§ Source material
------------
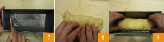 Beurrez un moule rectangulaire de 26x11,5 cm 7. Puis reprenez la pâte et manipulez-la brièvement en réalisant des plis 8 et formez un boudin de la même taille que le moule. Placez le pain brioché dans le moule 9 et laissez-le lever encore 30 minutes couvert de film plastique (vous pouvez également le badigeonner d'œuf battu avec une cuillère de lait).
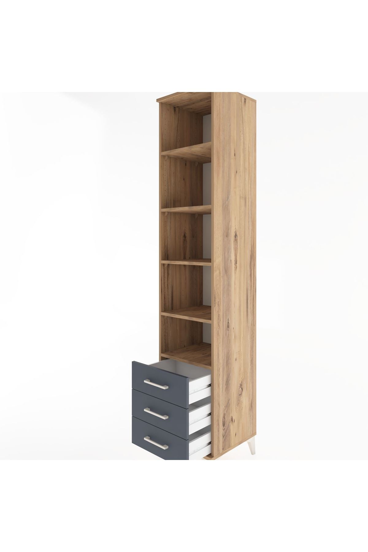 Hyperion Dolap 5 Raflı 3 Çekmeceli 44x44x221 Çam-Antrasit
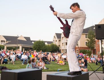 Musician 2nd class Dan Webber, assigned to the U.S. Navy Band Northwest popular music group, Passage, performs at the St. John's Summer Concert Series on Aug. 17 during Navy Week Montana. (MC2 James Vazquez/Navy)
------------
§ Exercise goal
Repeat each line above exactly as it reads, omitting any pictures.

§ Response for this exercise
 Beurrez un moule rectangulaire de 26x11,5 cm 7. Puis reprenez la pâte et manipulez-la brièvement en réalisant des plis 8 et formez un boudin de la même taille que le moule. Placez le pain brioché dans le moule 9 et laissez-le lever encore 30 minutes couvert de film plastique (vous pouvez également le badigeonner d'œuf battu avec une cuillère de lait).
 Hyperion Dolap 5 Raflı 3 Çekmeceli 44x44x221 Çam-Antrasit
 Musician 2nd class Dan Webber, assigned to the U.S. Navy Band Northwest popular music group, Passage, performs at the St. John's Summer Concert Series on Aug. 17 during Navy Week Montana. (MC2 James Vazquez/Navy)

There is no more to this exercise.